Yeah but will toe socks fit in them? That's a joke...on second thought maybe not.  I think i'll wait till 1/2 the population starts wearing them, my trend setting days ended with bell bottoms. And they needed rubberbands so as not to be caught in my bicycle chain. Damn ...that was a long time ago...


----------



## snowape (Jul 27, 2008)

actually they do have toe socks for them, I wear the socks in the winter while running with these on, they are awesome shoes and I plan to gt another pair for fishing.


----------



## sand flea (Oct 24, 1999)

Tevas. They also have the added benefit of smelling like rotten ham soaked in cat food if you wear them long enough.


----------



## tjbjornsen (Oct 31, 2009)

sand flea said:


> Tevas. They also have the added benefit of smelling like rotten ham soaked in cat food if you wear them long enough.

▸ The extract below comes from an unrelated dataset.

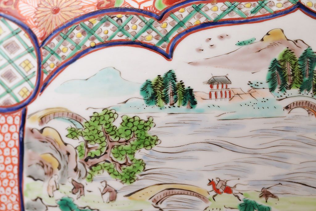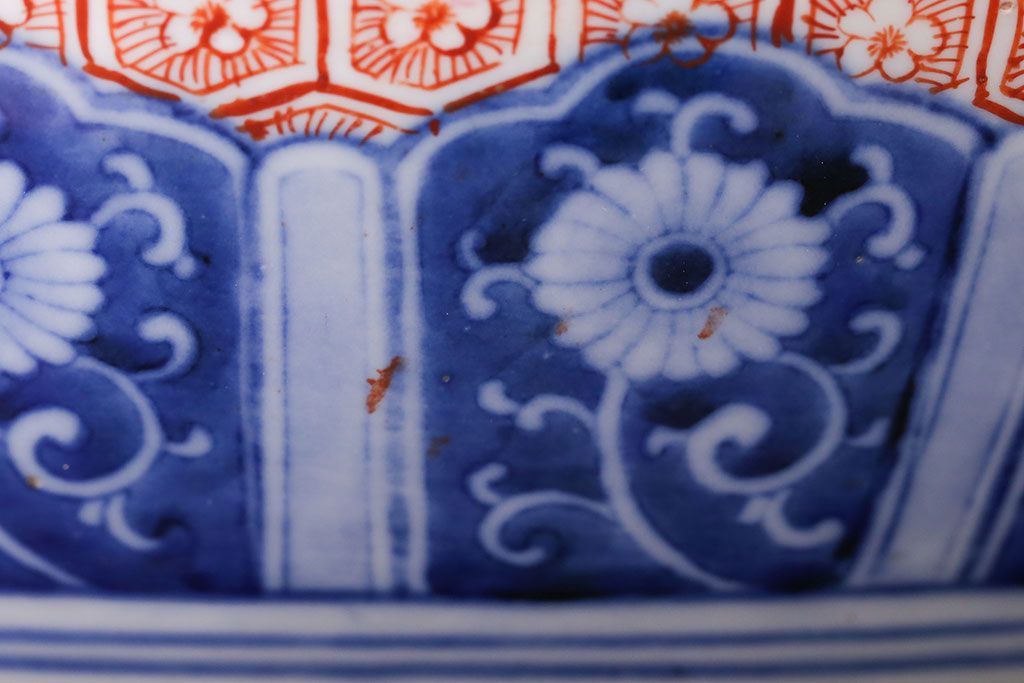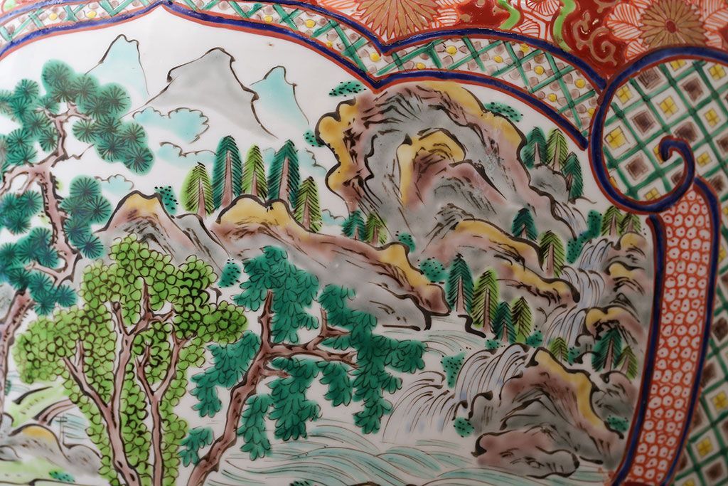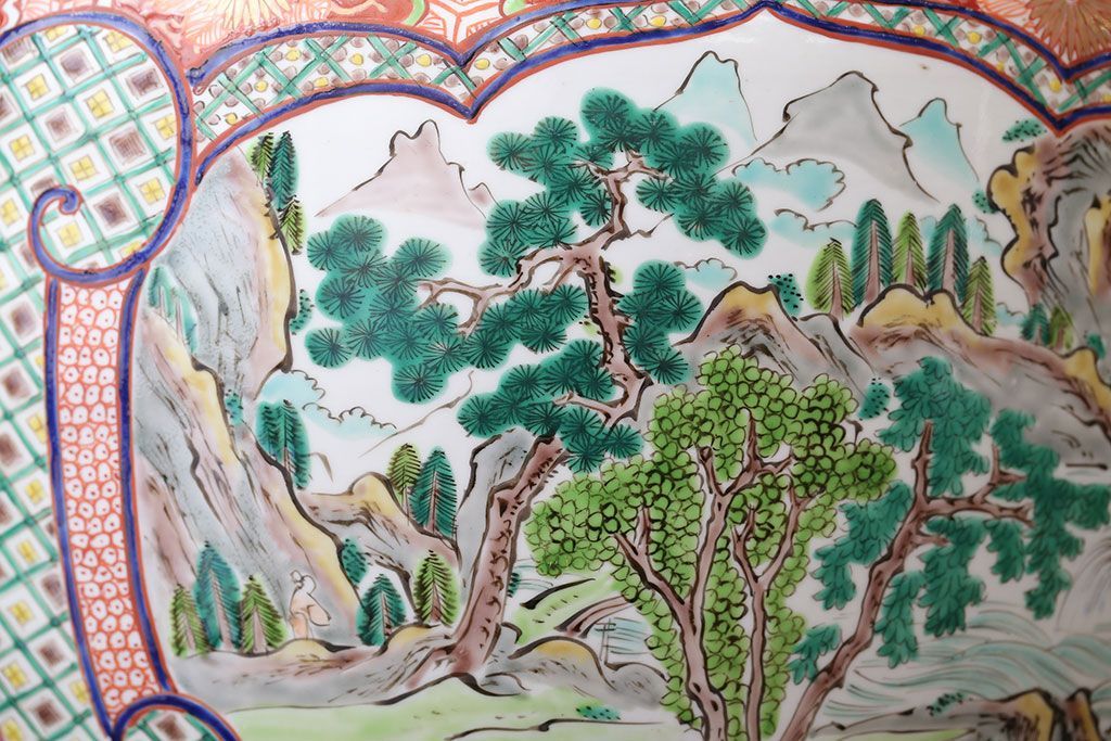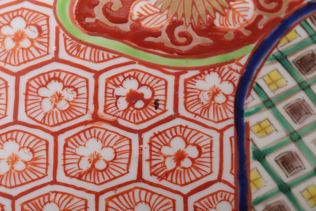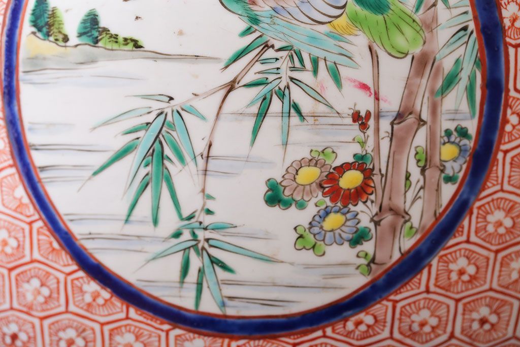 アンティーク雑貨 古民具・骨董 明治〜大正時代 古い色絵火鉢 (窓絵・十錦手)
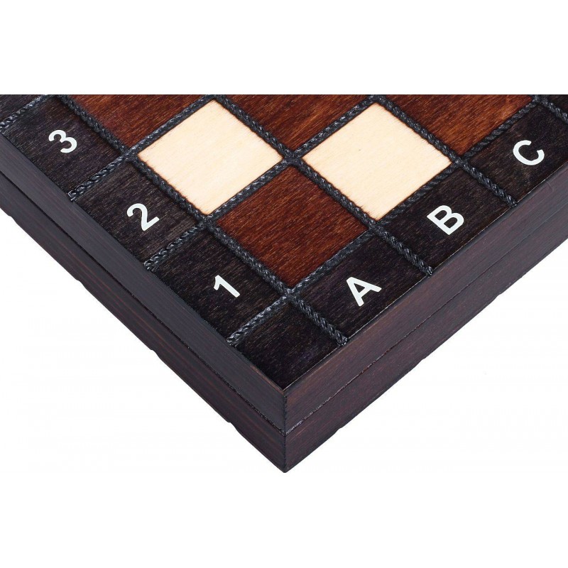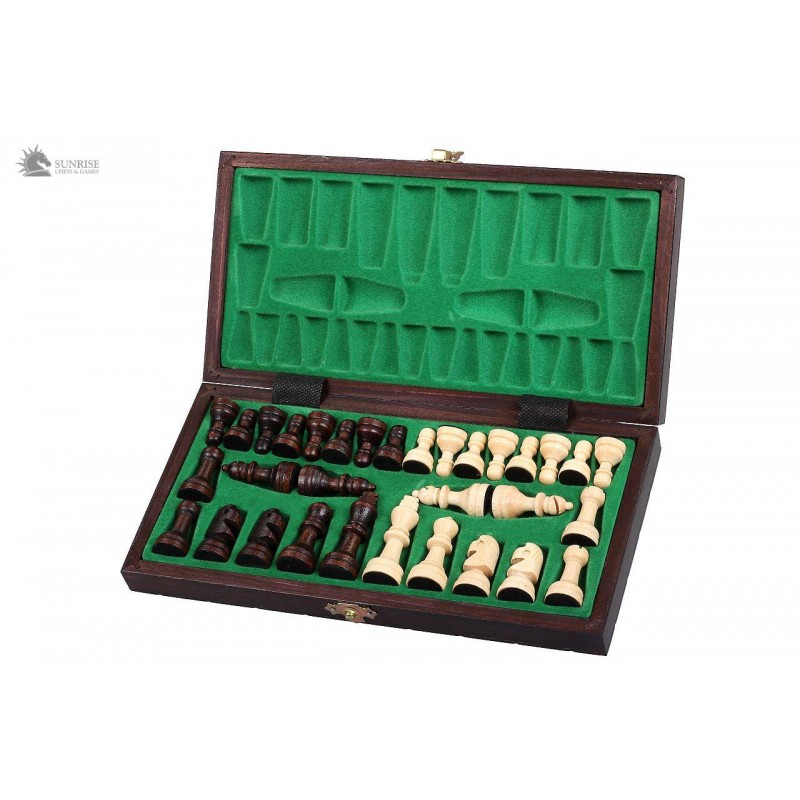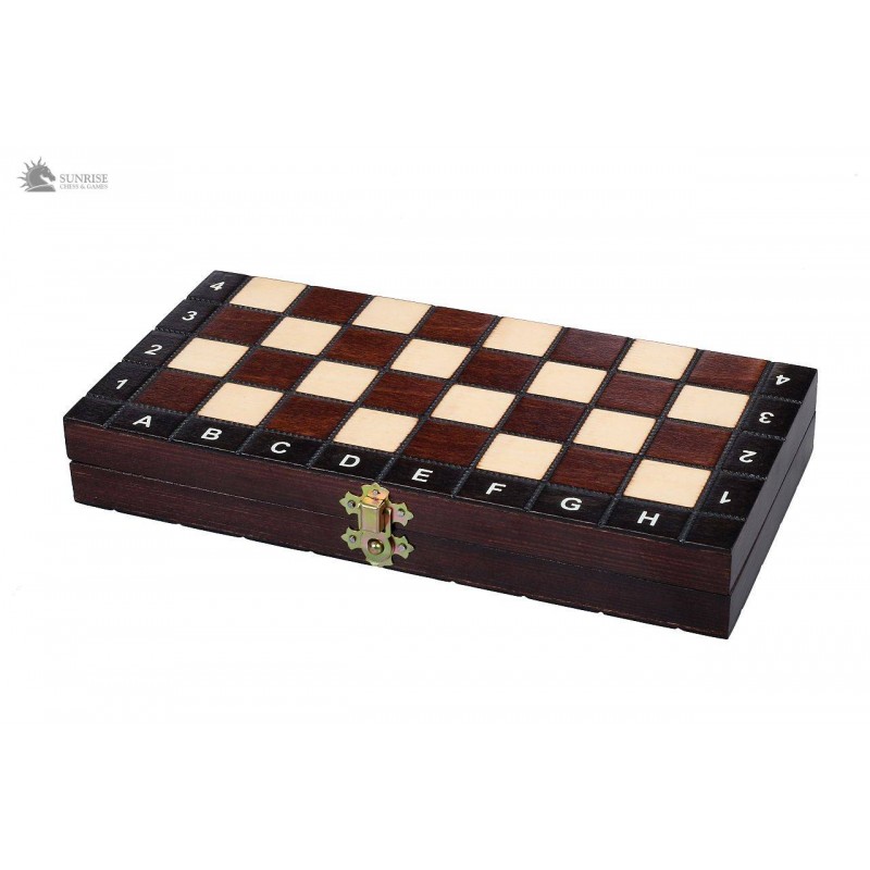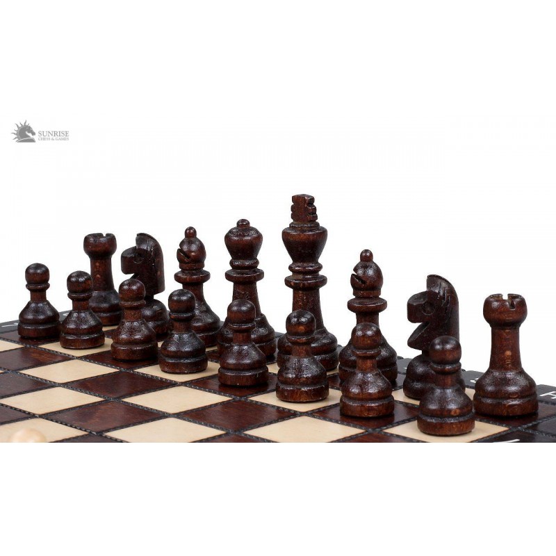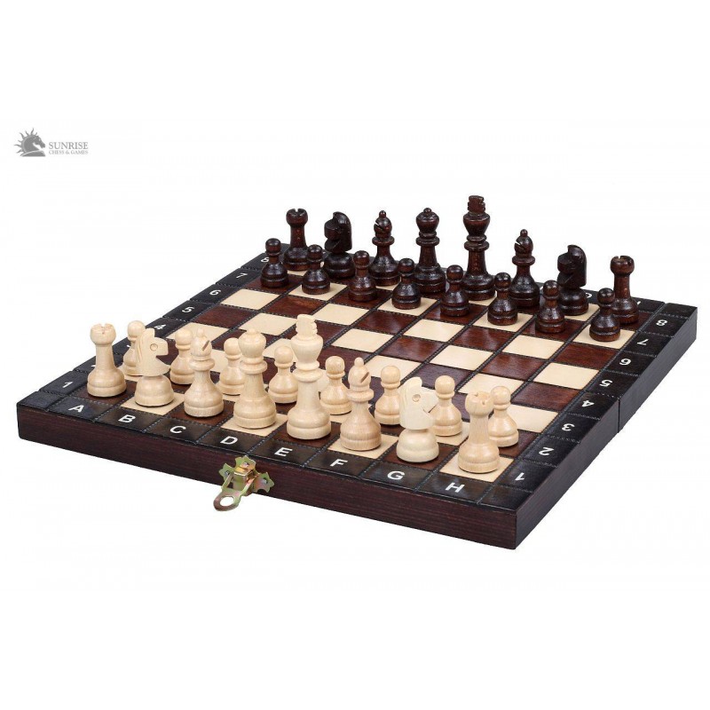 Szachy szkolne to jeden z najpopularniejszych kompaktowych zestawów szachowych. Figury szachowe w klasycznym stylu, wykonano z grabu. Wysokość króla wynosi 6 cm. Tradycyjna drewniana szachownica została wyposażona w dopasowaną wkładkę do przechowywania figur.

No kidding can those things stink! Kinda odd for an open sandal.
I took to soaking mine in a sinkfull of Oxyclean, that will take the stink out. 
For a while...


----------



## HuskyMD (May 19, 2000)

here's another one for crocs or, wait for it, birkenstocks.


----------



## abass105 (Jun 13, 2006)

And another one for Crocs. Now you won't catch me with them on outside of the beach. But, I think they are great for surf fishing. Got two pair. The black ones have better juju than the blue ones.


----------



## FishinMortician (Jun 19, 2007)

My Nike Gato Beach shoes arrived just now. I really like them. Can't wait to hit the beach Thursday and test them out. They have a soft sole which keeps my foot from sliding around on the inside. In Crocs, once wet, my toes jam against the shoe and I squeak everywhere I go for hours.

The Nike store has them @ $ 25 a pair.










Order one size or half size larger. I waer 14 Wide and ordered 15 and they fit just right.


----------



## Garboman (Jul 22, 2010)

I never knew one was supposed to be anything but Barefoot on the beach

You fellas wearing shoes on the beach are all candy a.....s...........all of you except that one fella with the size 15 Sasquatch feet....


----------



## fishnuttz (Jun 27, 2008)

Garboman said:


> I never knew one was supposed to be anything but Barefoot on the beach
> 
> You fellas wearing shoes on the beach are all candy a.....s...........all of you except that one fella with the size 15 Sasquatch feet....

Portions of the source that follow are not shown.